Compensation Structure Analysis
- Pay mix and rigor: 2024 delivered no AIP payout and forfeited the 2022–2024 PSUs, reinforcing high at‑risk pay tied to objective financial metrics and TSR modifiers; 2023 paid a below-target AIP (85.6% at the company level), with Timm’s non‑equity incentive at $1,057,160 .
- Equity over cash: 2024 long-term grant targeted $2.3M for Timm (65% PSUs/35% RSUs), with detailed share counts and time-based vesting over four years, aligning retention and performance .
- Guaranteed/retention elements: Timm’s two cash retention payments ($450k each; Jan 1, 2024 and Jan 1, 2025), plus an April 21, 2023 RSU subject to repayment until May 1, 2025, add retention stability but are modest relative to overall pay .
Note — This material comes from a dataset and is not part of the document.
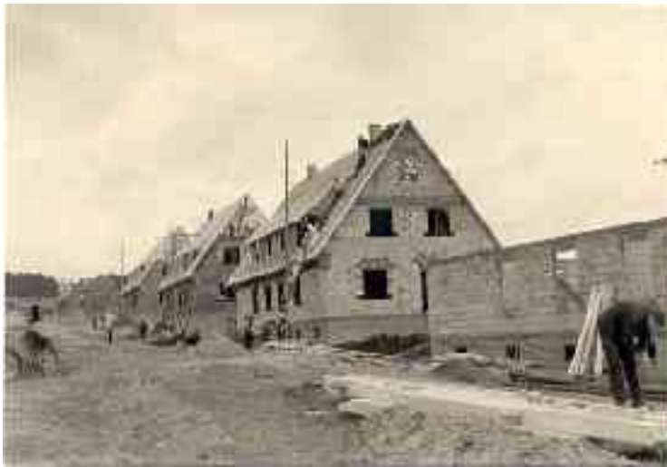
Donauwiesing 50 04 25 <> 50 12 31 - 2 01

- Governance safeguards: Double-trigger CoC; 2.99x cash severance cap policy; clawback policy; restrictions on hedging/pledging; robust ownership guidelines; consistently strong say-on-pay support historically (>90%) .
Performance & Track Record
Pay-versus-performance table highlights (company-reported):
| Metric | FY 2020 | FY 2021 | FY 2022 | FY 2023 | FY 2024 |
|---|---|---|---|---|---|
| Net Sales ($ millions) | 15,031 | 18,471 | 17,161 | 16,586 | 15,385 |
| Net Income (Loss) ($ millions) | (163) | 938 | (19) | 317 | 109 |
| Cumulative TSR Value ($100 investment) | 106.88 | 148.59 | 82.19 | 75.08 | 41.57 |
Context: 2021–2023 PSU payout was cut by TSR modifier, and 2022–2024 PSUs were forfeited—reflecting underperformance vs goals and peers over multi‑year windows .
Board Governance (for directors)
Not applicable—Timm is an executive officer, not a Kohl’s director. Compensation Committee oversight, independent consultant use, and shareholder engagement are described in CD&A .
Related Party / Risk Indicators
- No pension benefits or defined benefit plans; deferred compensation balances for Timm were not used in 2024 .
- Clawback policy in place; no mention of tax gross‑ups for Timm; 2024 “Tax reimbursements on eligible expenses” shows $0 for Timm .
- Section 16 compliance: Company disclosed certain late filings in 2023 due to administrative delay (includes Timm) .
- Options repricing: none indicated; no options outstanding for Timm as of 2/1/2025 .
Compensation Peer Group & Benchmarking
- AIP Performance Index Group (for threshold override in 2024): Macy’s, Nordstrom, Gap, Ross Stores, TJX, Dick’s Sporting Goods, Foot Locker, Ulta Beauty .
- Committee references broader compensation benchmarking peer group and survey data; specific names not disclosed in proxy .
Say-on-Pay & Shareholder Feedback
- Historical say-on-pay approval averages over 90% of votes cast; 2024 Long-Term Compensation Plan received over 93% support .
Equity Ownership & Upcoming Events (Vesting Pressure Signals)
- Multiple annual RSU tranches vest March 25–29 each year through 2028; PSUs scheduled for certification/settlement March 2026 (2023–2025) and March 2027 (2024–2026), subject to actual performance and TSR modifier—potential supply overhang periods .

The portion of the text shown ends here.